## Task details
Repeat the listing below line by line, exactly, leaving its pictures behind.

## Collected data
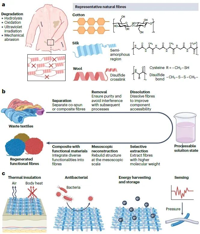 鉴于此,南洋理工大学吴荣辉教授团队近日在《Nature Reviews Bioengineering》发表评论文章”Upcycling textile waste into sustainable functional fibres”,系统阐述了将纺织废料升级再造为高价值功能材料的前沿技术与无限可能,为可持续纺织产业指明方向。
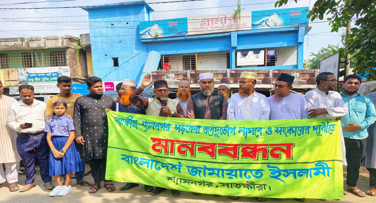 সাতক্ষীরা শ্যামনগর সড়ক সংস্কারের দাবিতে জামায়াতে ইসলামীর মানববন্ধন
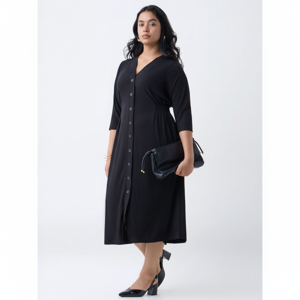 Gia ชุดเดรสลายทางสีดำด้วยตัวเอง
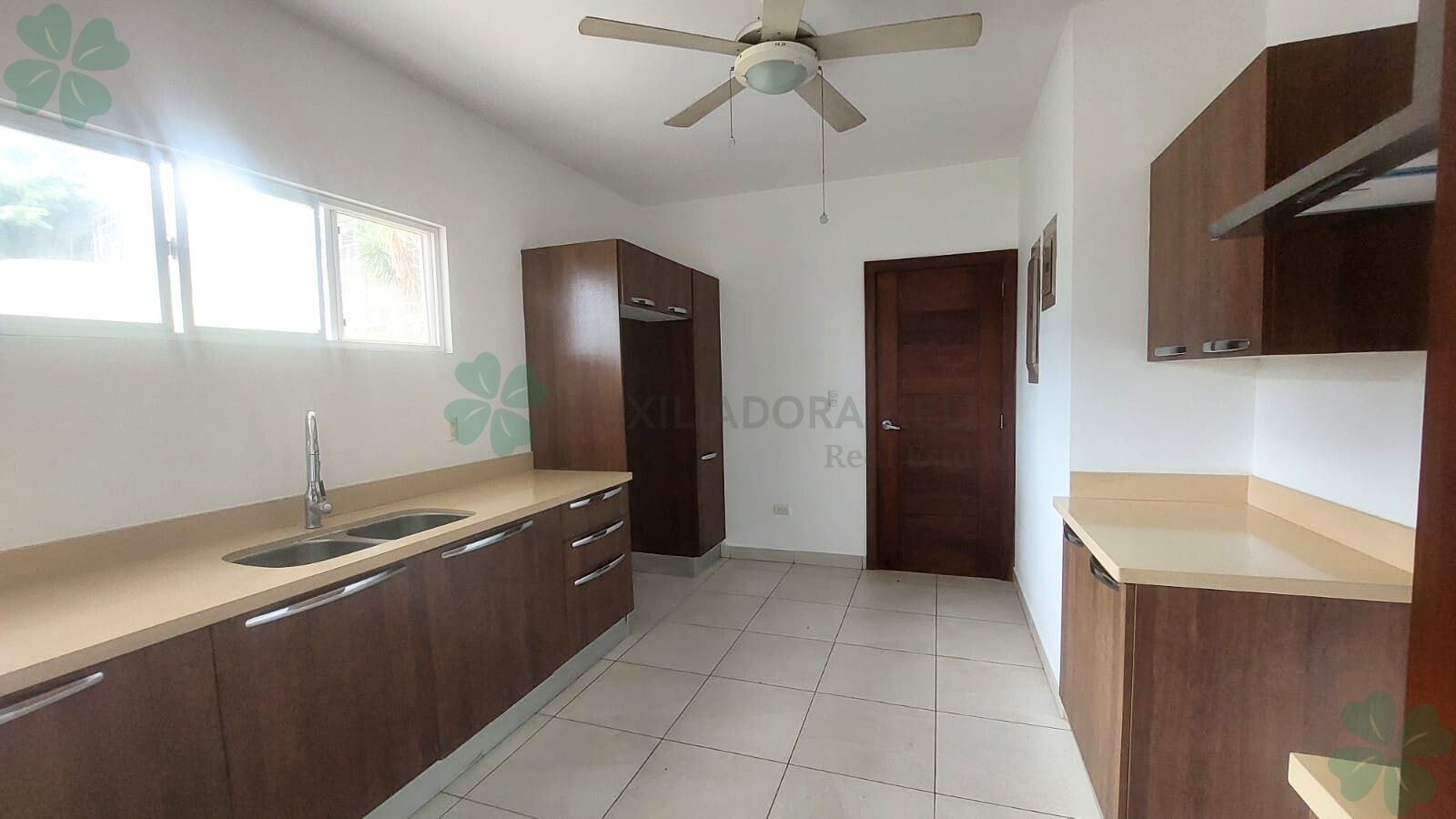 Casa moderna de dos plantas ubicada en condominio nuevo, cuenta con las siguientes especificaciones: 3 habitaciones amplias con baño (habitación principal con walking closet), sala de estar, cocina, comedor, habitación de servicio completa, área de lavado y secado, terraza techada. Jardín, abanicos de techo en todos los ambientes, huellas para 2 vehículos.

## Response to the exercise
 鉴于此,南洋理工大学吴荣辉教授团队近日在《Nature Reviews Bioengineering》发表评论文章”Upcycling textile waste into sustainable functional fibres”,系统阐述了将纺织废料升级再造为高价值功能材料的前沿技术与无限可能,为可持续纺织产业指明方向。
 সাতক্ষীরা শ্যামনগর সড়ক সংস্কারের দাবিতে জামায়াতে ইসলামীর মানববন্ধন
 Gia ชุดเดรสลายทางสีดำด้วยตัวเอง
 Casa moderna de dos plantas ubicada en condominio nuevo, cuenta con las siguientes especificaciones: 3 habitaciones amplias con baño (habitación principal con walking closet), sala de estar, cocina, comedor, habitación de servicio completa, área de lavado y secado, terraza techada. Jardín, abanicos de techo en todos los ambientes, huellas para 2 vehículos.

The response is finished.